■ **How to complete this task**
Exactly the lines from the first line of the records to the line holding "The 2D–3D correspondence" should be duplicated, and nothing more; pictures stay out.

■ **Information shown**

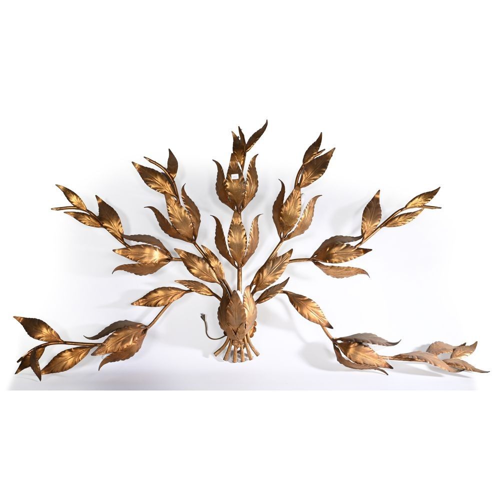 A LARGE brass and sheet metal wall light with foliage garlan…
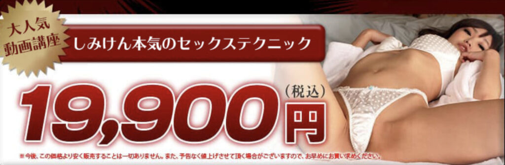 この教則DVD (価格:19,900円(税込))では現役トップレベルのセックステクニックを誇るしみけんがその技を動画で完全再現しており
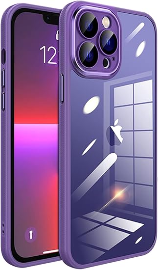 Donocao iPhone 16 Proケース クリア背面 シリコン耐衝撃 薄型 かわいいアイホンケース カメラカバー付きの一体型 4kHDガラスフィルムレンズ保護 滑り止め お洒落な金属ボタン 全面保護 ワイヤレス充電対応 指紋防止 黄変防止 オシャレなアイフォン16プロケース ディープパープル a
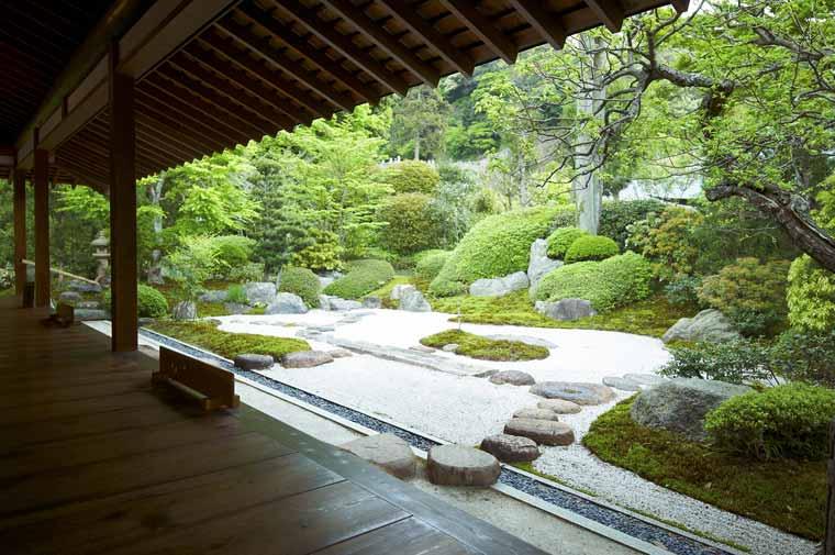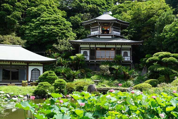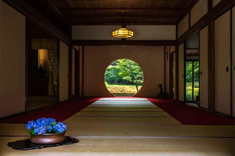 境内にはおよそ2,500株のあじさいが植えられており、「紫陽花寺」とも呼ばれる臨済宗建長寺派の寺院。本堂の悟りの窓(丸窓)からは、幻想的な世界を眺めることができます。和の空間から望む四季折々の景色は、まるで絵画のような美しさ。丸窓の向こうにある庭園は、通常立ち入り禁止ですが、花しょうぶと紅葉の時期のみ特別公開されます。境内は広く、北条時頼の墓所や鎌倉最大のやぐら(洞窟墳墓)など見どころ多数。
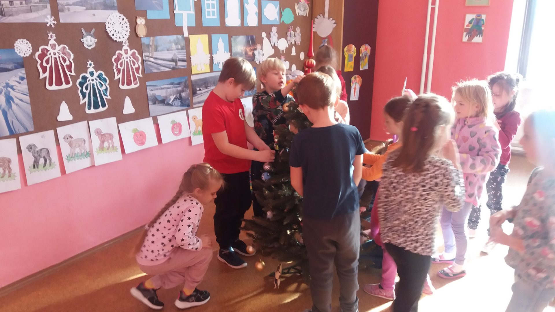 ozdobili a zazpívali si u zdobení známe lidové koledy. Je moc krásný a s dárečky bude ještě krásnější. Jsem zvědaví, kolik dárečků pod ním najdeme. Dopis s přáním jsme už nakreslili a snažíme se být hodní ve škole. Doma budeme rodičům pomáhat s úklidem a pečením cukroví.
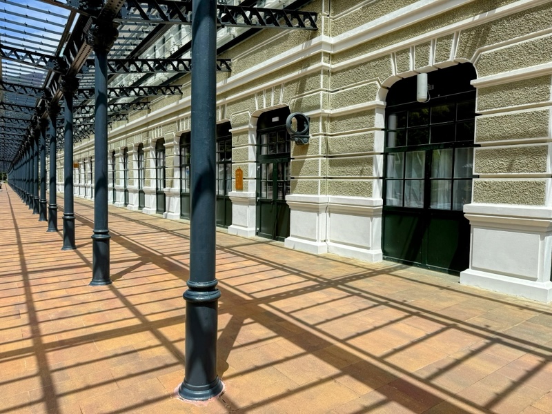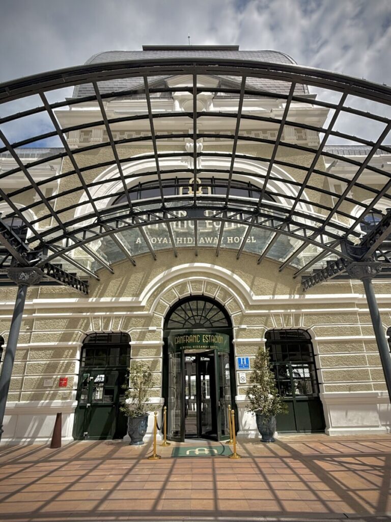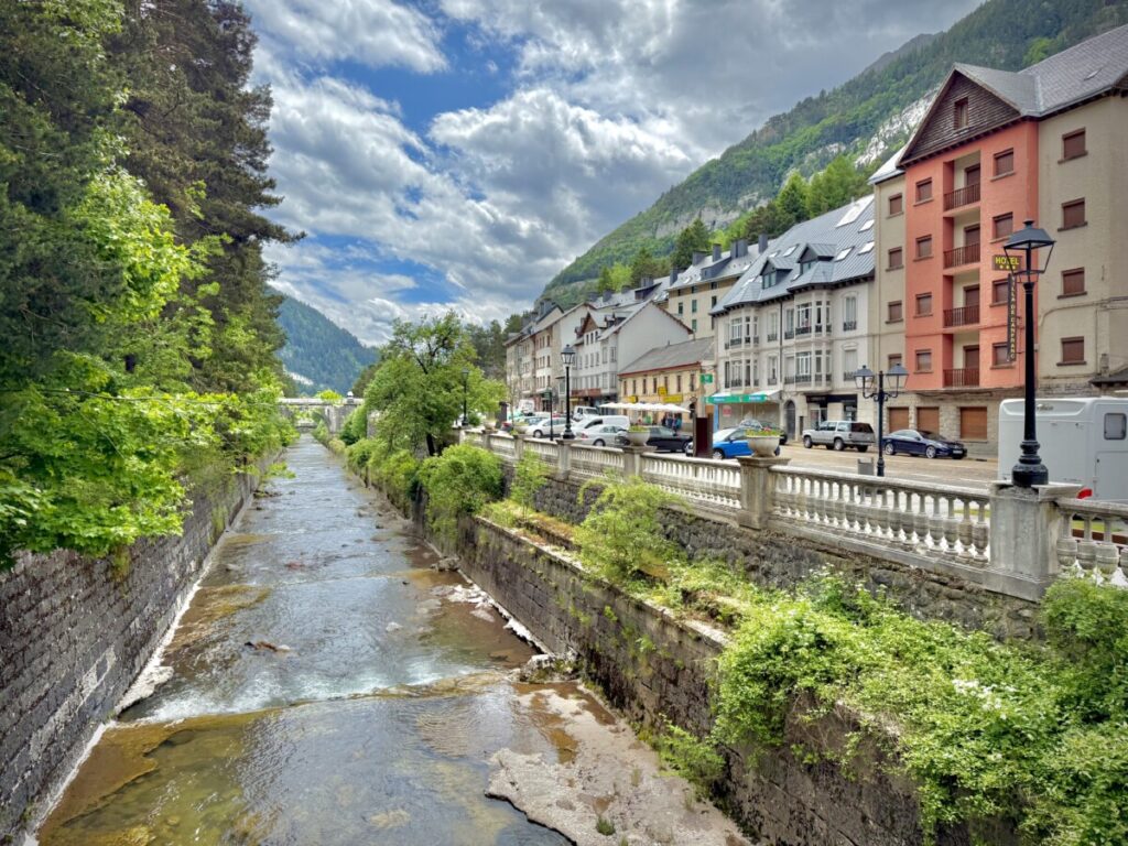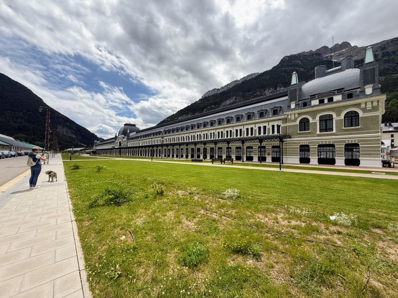 In einer anderen Zeit führte durch das gleiche Tal eine Zugstrecke. Für die Güter- und Personenabfertigung wurde dafür auf der spanischen Seite in Canfranc 1928 ein riesiger Bahnhof errichtet. Das Hauptgebäude des spanisch-französisches Gemeinschaftsprojekts ist beeindruckende 241m lang und heute ein 5‑Sterne-Luxushotel.
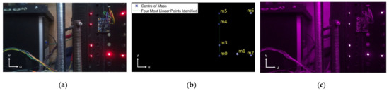 The 2D–3D correspondence is found by locating the four linear, coplanar LEDs (m0, m3, m4, and m5), allowing them to be quickly isolated from the other three LEDS. To find the four linear points, the algorithm comprehensively tests each of the 35 LED combinations () to find the optimal solution. To verify that the four points are collinear, one point is randomly selected from the group of seven as the reference position and termed Point A. The angle (θ) of each point (u,v) relative to Point A (uA, vA) can be computed using Equation (1). Note that θ, v, and u are shown in bold (indicating they are vectors) as the algorithm is vectorised to calculate the angle from Point A to each point more efficiently.
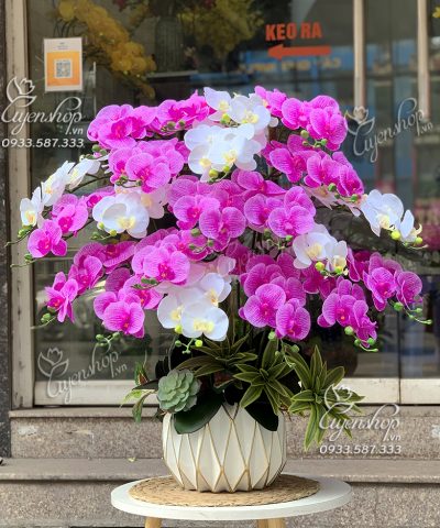 Chậu Lan được kết hợp với tông màu trắng-tím sang trọng, hoa cao su cao cấp, thích hợp đặt ở phòng khách, khách sạn…làm quà tặng tân gia hay tặng sếp rất ý nghĩa.
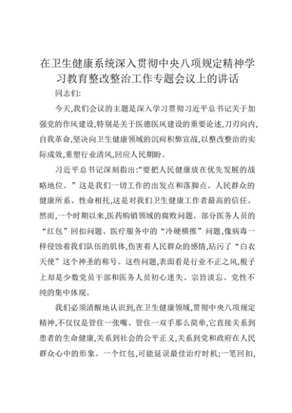 【七哥公文】2025年:在卫生健康系统深入贯彻中央八项规定精神学习教育整改整治工作专题会议上的讲话+更多免费公文+VX:QiGeGongWen2024
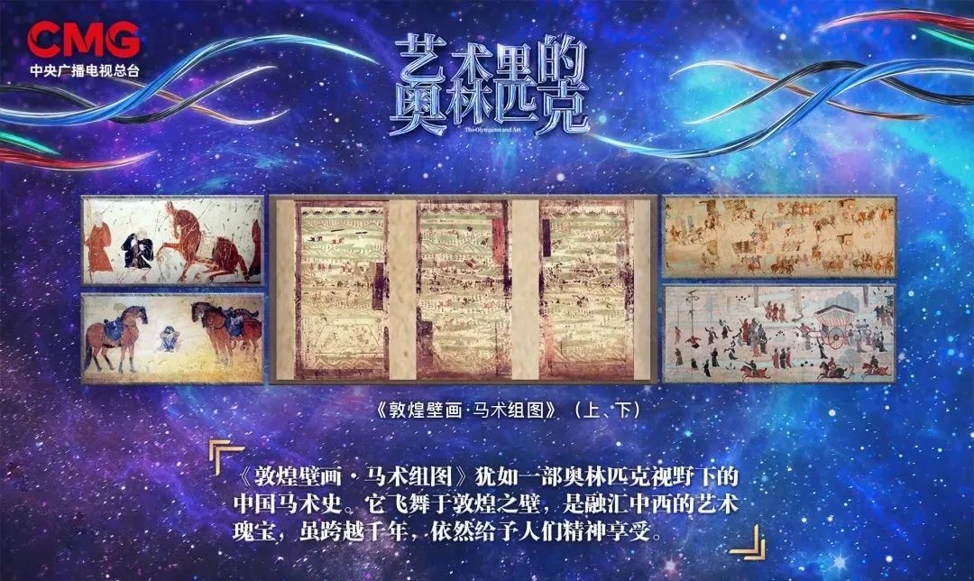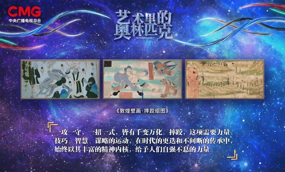 為了帶大家一覽敦煌石窟裏的「奧林匹克」,《藝術裏的奧林匹克》節目組精心打造了「敦煌壁畫系列」節目,目前已經播出《馬術組圖》和《摔跤組圖》兩期,還有一期《游泳組圖》等大家來看!
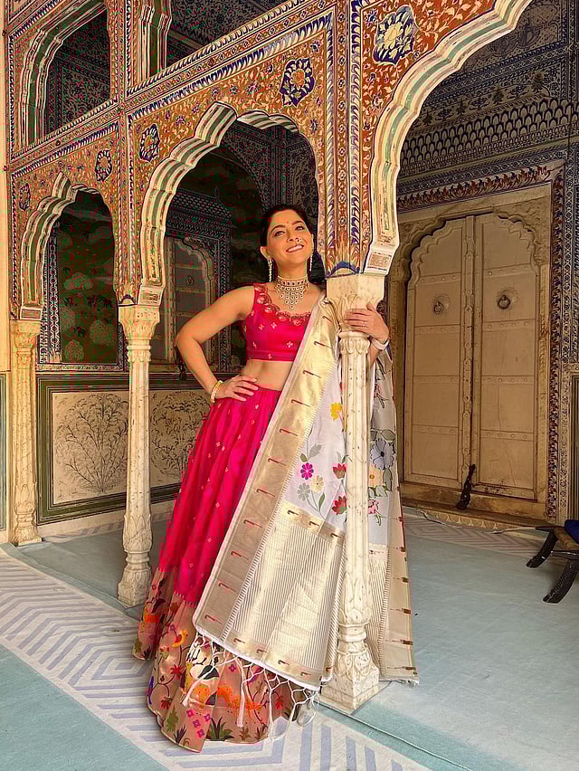 "राणी कलरच्या मराठमोळ्या लैहंगा चोली मध्ये #pinkcity #jaipur मधल्या लग्नसोहळ्यासाठी सज्ज" असे कॅप्शन फोटोजनां तिने दिले आहे.
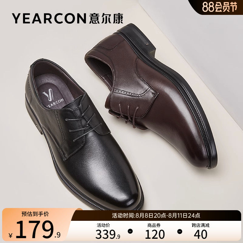 券 160元销量1000意尔康男鞋2022新款男士商务正装皮鞋新郎婚鞋英伦风单鞋工装鞋

■ **Answer for this exercise**
 A LARGE brass and sheet metal wall light with foliage garlan…
 この教則DVD (価格:19,900円(税込))では現役トップレベルのセックステクニックを誇るしみけんがその技を動画で完全再現しており
 Donocao iPhone 16 Proケース クリア背面 シリコン耐衝撃 薄型 かわいいアイホンケース カメラカバー付きの一体型 4kHDガラスフィルムレンズ保護 滑り止め お洒落な金属ボタン 全面保護 ワイヤレス充電対応 指紋防止 黄変防止 オシャレなアイフォン16プロケース ディープパープル a
 境内にはおよそ2,500株のあじさいが植えられており、「紫陽花寺」とも呼ばれる臨済宗建長寺派の寺院。本堂の悟りの窓(丸窓)からは、幻想的な世界を眺めることができます。和の空間から望む四季折々の景色は、まるで絵画のような美しさ。丸窓の向こうにある庭園は、通常立ち入り禁止ですが、花しょうぶと紅葉の時期のみ特別公開されます。境内は広く、北条時頼の墓所や鎌倉最大のやぐら(洞窟墳墓)など見どころ多数。
 ozdobili a zazpívali si u zdobení známe lidové koledy. Je moc krásný a s dárečky bude ještě krásnější. Jsem zvědaví, kolik dárečků pod ním najdeme. Dopis s přáním jsme už nakreslili a snažíme se být hodní ve škole. Doma budeme rodičům pomáhat s úklidem a pečením cukroví.
 In einer anderen Zeit führte durch das gleiche Tal eine Zugstrecke. Für die Güter- und Personenabfertigung wurde dafür auf der spanischen Seite in Canfranc 1928 ein riesiger Bahnhof errichtet. Das Hauptgebäude des spanisch-französisches Gemeinschaftsprojekts ist beeindruckende 241m lang und heute ein 5‑Sterne-Luxushotel.
 The 2D–3D correspondence is found by locating the four linear, coplanar LEDs (m0, m3, m4, and m5), allowing them to be quickly isolated from the other three LEDS. To find the four linear points, the algorithm comprehensively tests each of the 35 LED combinations () to find the optimal solution. To verify that the four points are collinear, one point is randomly selected from the group of seven as the reference position and termed Point A. The angle (θ) of each point (u,v) relative to Point A (uA, vA) can be computed using Equation (1). Note that θ, v, and u are shown in bold (indicating they are vectors) as the algorithm is vectorised to calculate the angle from Point A to each point more efficiently.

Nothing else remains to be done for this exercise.